平田研さん 「建設業の営業をやってました。リストラにあって、仕事探していたんです」という事情で、森林の担い手をめざすことになった平田さん。福岡からのIターンでこの地へやってきた。実は、奥さんの実家が山鹿市の農家で、ご両親は亡くなられて空き屋になっていたといい、そこへ二人で入ったそうだ。いまの仕事に就くきっかけを聞けば、「家内が「森林の仕事ガイダンス」の新聞広告を見つけたんです」とのこと。そして、福岡で開かれた会場に出かけて県森連の方と相談。熊本でのガイダンスにも行き、家に近い鹿本森林組合で緊急雇用を経験、その後にいまの菊池森林組合で「緑の研修生」になったという。こっちに越してきた当初、家の山を自分で整備してトレーニングにもなったし、山の仕事をやる決心にも結びついたそうだ。でも、「夏の仕事は知らなかったから、暑さがこたえましたね、この歳だから」と笑う。しかし、「なんとか乗り切れたし、ここまで来たので、続けてやっていきたい」「空気のいいなかで働けるし、ストレスはないし」と、うなずきながら語った。

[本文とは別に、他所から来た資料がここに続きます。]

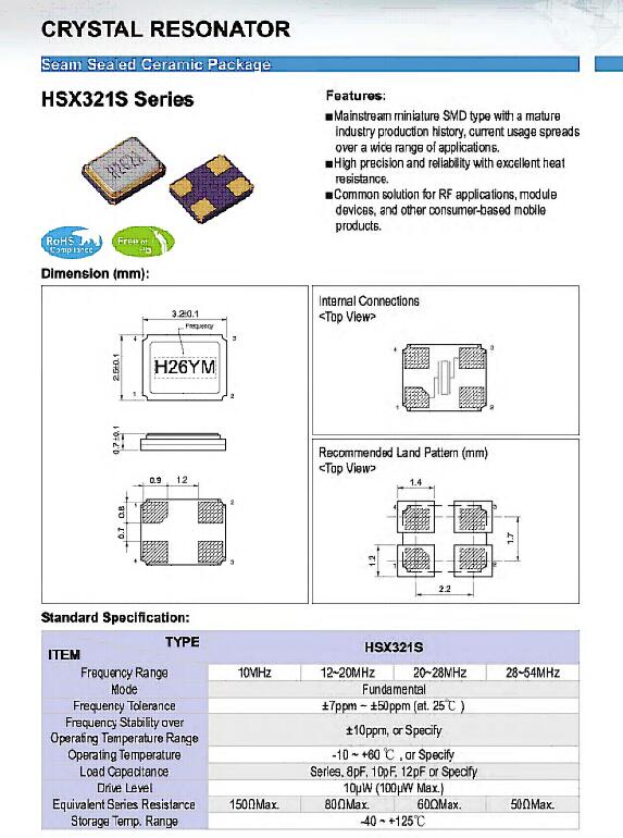 加高晶振,HSX321S晶振,3225小體積晶振3225mm體積非常小的SMDcrystal器件,是民用小型無線數碼產品的最佳選擇,小體積的晶振被廣泛應用到,手機藍牙,GPS定位系統,無線通訊集,高精度和高頻率的穩定性能,非常好的減少電磁干擾的影響,是民用無線數碼產品最好的選擇,符合RoHS/無鉛.

林業のよさを息子も分かってくれ、継いでくれたらいい。
古庄 正徳 さん(菊池森林組合)

古庄正徳さん 「22、3歳の頃、2年ほど山の仕事をやっていたことがあるんです。同級生のお父さんが、個人経営で林業をやっていて、手伝っていました」そう語る古庄さんは、その後に半導体製造の会社に入り、技術者として働いていた。しかし、年齢的にも上と下との板挟みのポジションで、ストレスが多かったという。やめたいと思っていたとき、リストラにかかり、退職。そんなとき、親方(同級生のお父さん)から、また声がかかり、復帰したそうだ。「親方はいま、森林組合の作業班として仕事をしていて、その班で「緑の研修生」として働いているんです」とのこと。また、「研修生になって、勉強になってますね。森林を見て、どうしたら早く効率よく作業できるか、考えながらやるようになりました」とも。そして、将来のことを聞くと、「ずっと続けたいです。林業のよさを息子も分かってくれて、後を継いでくれたらいいですね」と、うれしそうに話してくれた。

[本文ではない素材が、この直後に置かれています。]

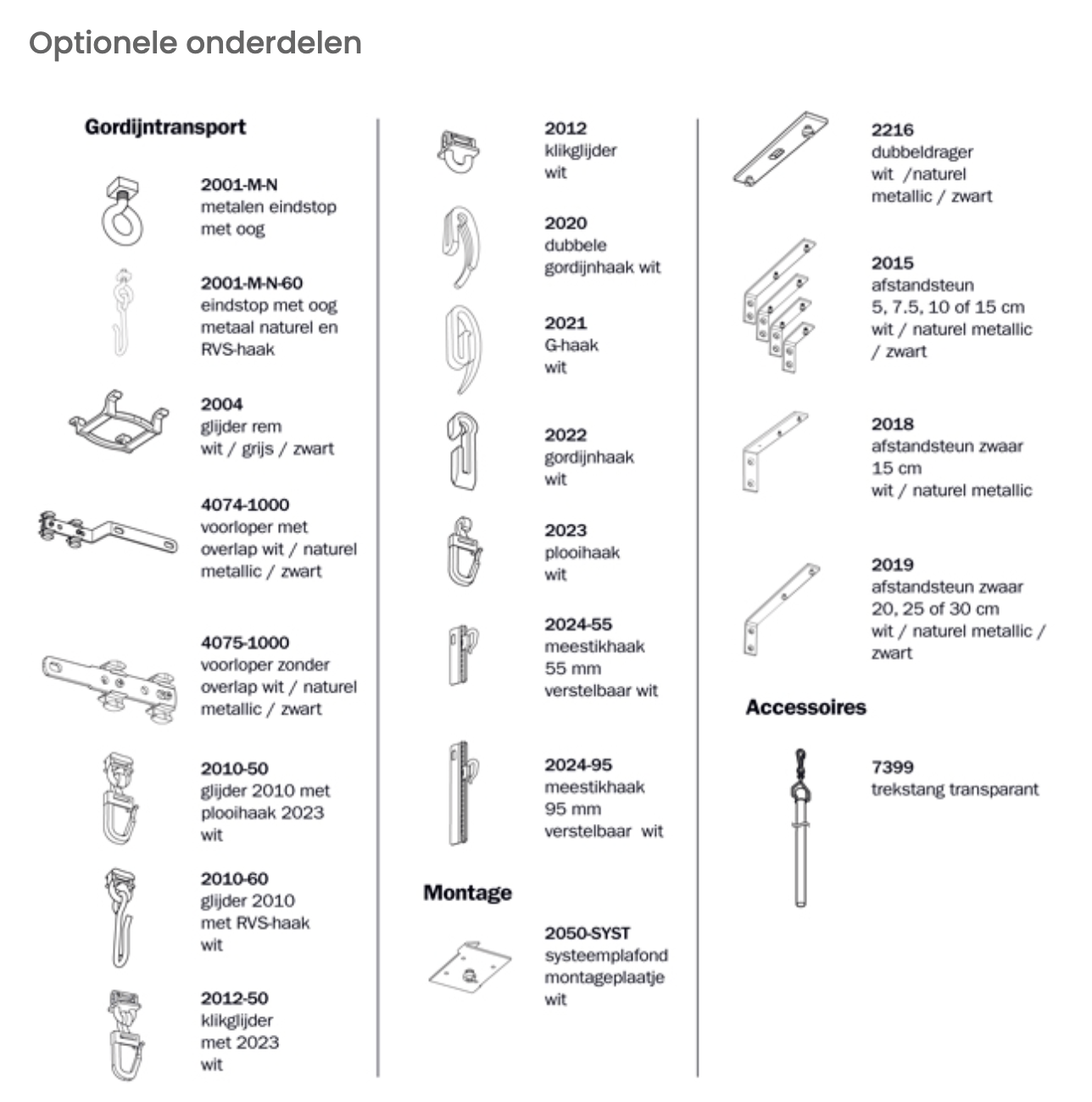 Glijder 2010 is verkrijgbaar met diverse haaksoorten. Metalen eindstop met oog 2001-M-N. Glijderrem 2004. Overlapbeugels 4074-1000 en 4075-1000.

班長さんは、父親も知っている人なので、仕事しやすい。
水口 勝之 さん(菊池森林組合)

水口勝之さん 自宅はここ菊池の椎茸農家だという。5月に結婚したばかりの新婚ほやほや、子どもも生まれたばかりの水口さん。「前はパン製造の会社に勤めていたんですが、家を継ごうと思ってやめました」、そう語る。家は山持ちでもあり、スギ山やヒノキの山もあるそうだが、手入れはされていないと嘆く。「緑の研修生」になった動機を尋ねると、「自分の山を整備したいことと、椎茸栽培の木も切り出したりするから、勉強もかねて・・・」という。聞けば、「いまの作業班の班長さんを父親が知っていて、「緑の研修生」の制度を教えてもらったんです」とのこと。「父親もおじいちゃんも知っている人だから、話しやすいし、いろいろ聞きやすく、仕事しやすいですね」とにっこり。「いまは言われたことを体で覚えるようにしてるんです」といい、一人前の林業士をめざしてがんばっているようだ。また、「前の会社では365日同じ内容の仕事だったけど、山の仕事は現場ごとに違うし、季節によっても違う。覚えることもいろいろで、やりがいがあります」その言葉がやる気を物語っていた。